> [PROVIDED ENTRIES]
==================================================

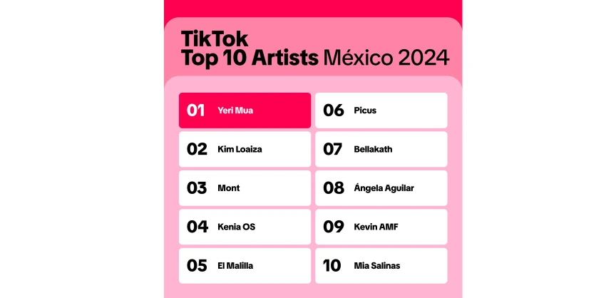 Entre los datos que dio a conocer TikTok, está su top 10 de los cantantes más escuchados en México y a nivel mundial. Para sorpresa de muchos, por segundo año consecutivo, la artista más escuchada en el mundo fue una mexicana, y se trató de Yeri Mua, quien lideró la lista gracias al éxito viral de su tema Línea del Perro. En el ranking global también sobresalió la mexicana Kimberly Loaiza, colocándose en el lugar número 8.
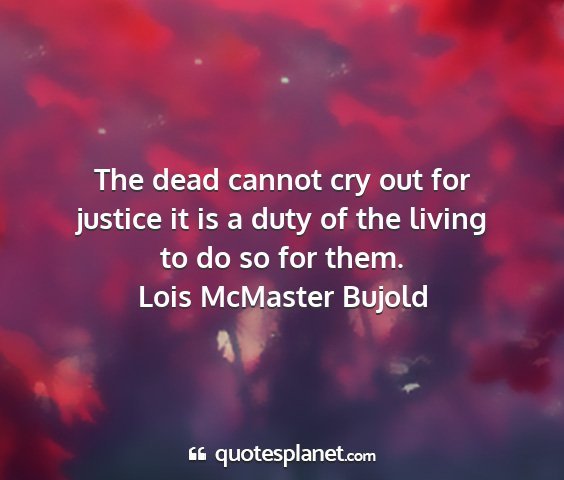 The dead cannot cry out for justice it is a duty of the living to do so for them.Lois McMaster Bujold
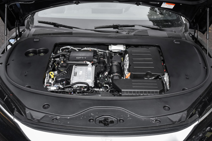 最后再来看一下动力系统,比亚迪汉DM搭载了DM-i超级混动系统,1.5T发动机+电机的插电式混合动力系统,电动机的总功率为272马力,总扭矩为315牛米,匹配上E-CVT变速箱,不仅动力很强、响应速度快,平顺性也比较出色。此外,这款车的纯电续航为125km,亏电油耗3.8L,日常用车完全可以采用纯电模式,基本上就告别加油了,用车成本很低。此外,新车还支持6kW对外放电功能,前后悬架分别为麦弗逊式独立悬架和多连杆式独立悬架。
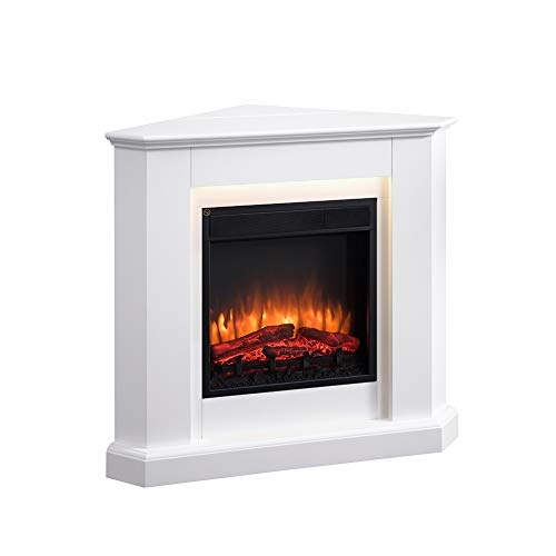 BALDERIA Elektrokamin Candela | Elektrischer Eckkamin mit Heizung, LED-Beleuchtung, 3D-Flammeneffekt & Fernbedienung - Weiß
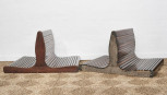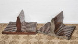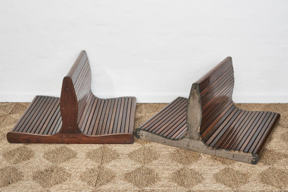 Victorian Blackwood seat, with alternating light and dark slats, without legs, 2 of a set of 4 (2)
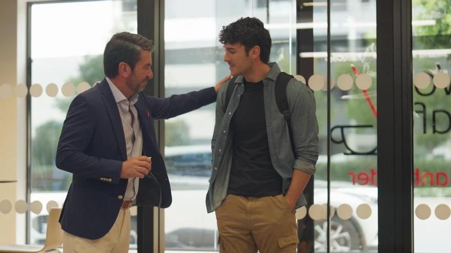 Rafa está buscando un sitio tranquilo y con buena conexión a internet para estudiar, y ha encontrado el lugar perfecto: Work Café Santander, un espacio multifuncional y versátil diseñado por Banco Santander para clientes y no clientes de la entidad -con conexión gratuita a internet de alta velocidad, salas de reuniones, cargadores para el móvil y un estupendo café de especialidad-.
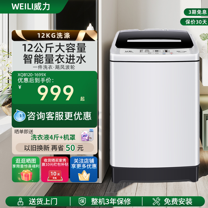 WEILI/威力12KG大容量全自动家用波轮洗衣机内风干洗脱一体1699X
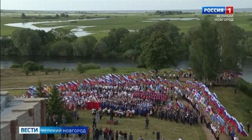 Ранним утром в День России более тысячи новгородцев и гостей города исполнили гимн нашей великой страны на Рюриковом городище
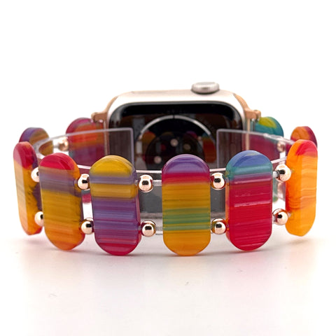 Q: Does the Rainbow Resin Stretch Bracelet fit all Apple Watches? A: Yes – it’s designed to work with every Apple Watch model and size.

==================================================

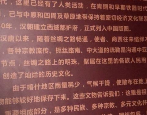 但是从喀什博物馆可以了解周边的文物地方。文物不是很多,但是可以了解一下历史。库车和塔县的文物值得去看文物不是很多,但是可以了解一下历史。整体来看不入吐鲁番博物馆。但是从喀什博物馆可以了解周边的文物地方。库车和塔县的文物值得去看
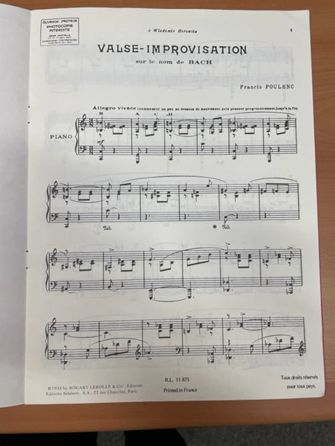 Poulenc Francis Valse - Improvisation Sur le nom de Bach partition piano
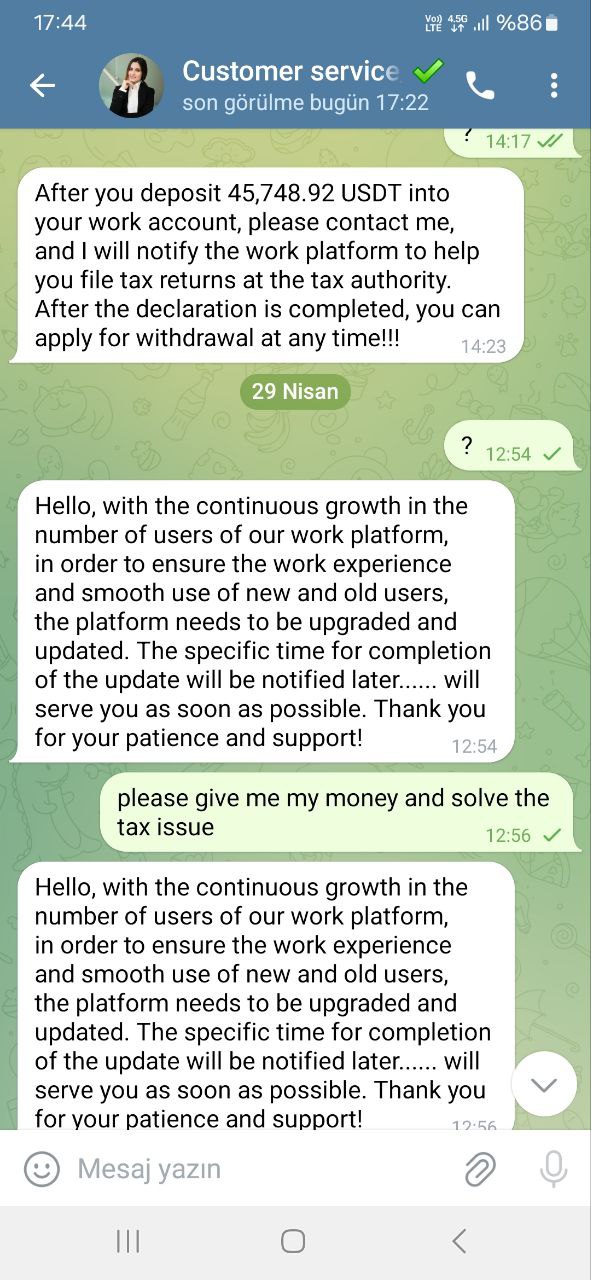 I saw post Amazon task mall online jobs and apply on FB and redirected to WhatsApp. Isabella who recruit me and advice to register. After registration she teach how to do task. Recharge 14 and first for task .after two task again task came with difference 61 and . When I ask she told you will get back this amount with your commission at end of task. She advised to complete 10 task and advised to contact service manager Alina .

==================================================

> [REQUIRED WORK]
Starting at the line with "Rafa está buscando" in the entries above, write out every line exactly until the line with "Q: Does the" has been written. Include no pictures and nothing more.

> [RESULT OF THIS EXERCISE]
 Rafa está buscando un sitio tranquilo y con buena conexión a internet para estudiar, y ha encontrado el lugar perfecto: Work Café Santander, un espacio multifuncional y versátil diseñado por Banco Santander para clientes y no clientes de la entidad -con conexión gratuita a internet de alta velocidad, salas de reuniones, cargadores para el móvil y un estupendo café de especialidad-.
 WEILI/威力12KG大容量全自动家用波轮洗衣机内风干洗脱一体1699X
 Ранним утром в День России более тысячи новгородцев и гостей города исполнили гимн нашей великой страны на Рюриковом городище
 Q: Does the Rainbow Resin Stretch Bracelet fit all Apple Watches? A: Yes – it’s designed to work with every Apple Watch model and size.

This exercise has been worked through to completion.